The convention introduces strict liability for shipowners.[2]
In cases when the shipowner is deemed guilty of fault for an instance of oil pollution, the convention does not cap liability.
When the shipowner is not at fault, the convention caps liability at between 3 million special drawing rights (SDR) for a ship of 5,000 GT to 59.7 million SDR for ships over 140,000 GT.
The 2000 Amendments
Adoption: 18 October 2000
Entry into force: 1 November 2003
The amendments raised the compensation limits by 50 percent compared to the limits set in the 1992 Protocol, as follows:
For a ship not exceeding 5,000 gross tonnage, liability is limited to 4.51 million SDR (US$5.78 million)
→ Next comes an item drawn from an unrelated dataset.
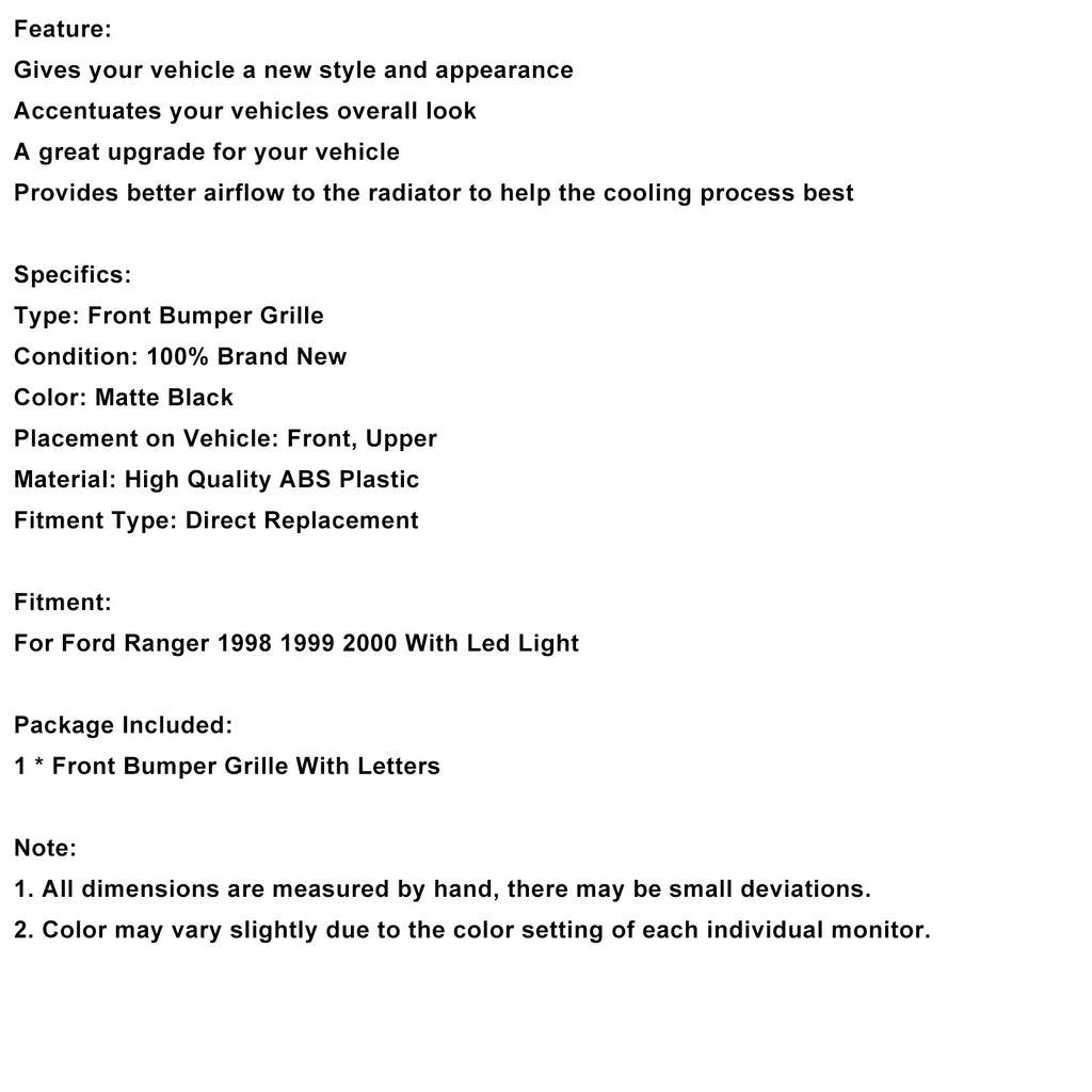 Frontstoßstangengrill in Mattschwarz, passend für Ford Ranger 1998-2000, mit LED-Beleuchtung

For a ship 5,000 to 140,000 gross tonnage: liability is limited to 4.51 million SDR plus 631 SDR for each additional gross tonne over 5,000
For a ship over 140,000 gross tonnage: liability is limited to 89.77 million SDR
The HNS Convention to compensation for damages occurring from spill of dangerous goods is based on the same legal framework.[3]
As of September 2016, 136 states, representing 97.5 per cent of the world fleet, are contracting parties to the CLC Protocol of 1992, which amends the original CLC Convention.[4] Bolivia, North Korea, Honduras, and Lebanon—which are generally flag of convenience states—have not ratified the treaty.[5]
The United States of America is not a signatory to CLC, despite considerable involvement in its formulation. This is due to significant nation legislation such as the Oil Pollution Act, 1990, so signing the CLC was deemed unnecessary.[6]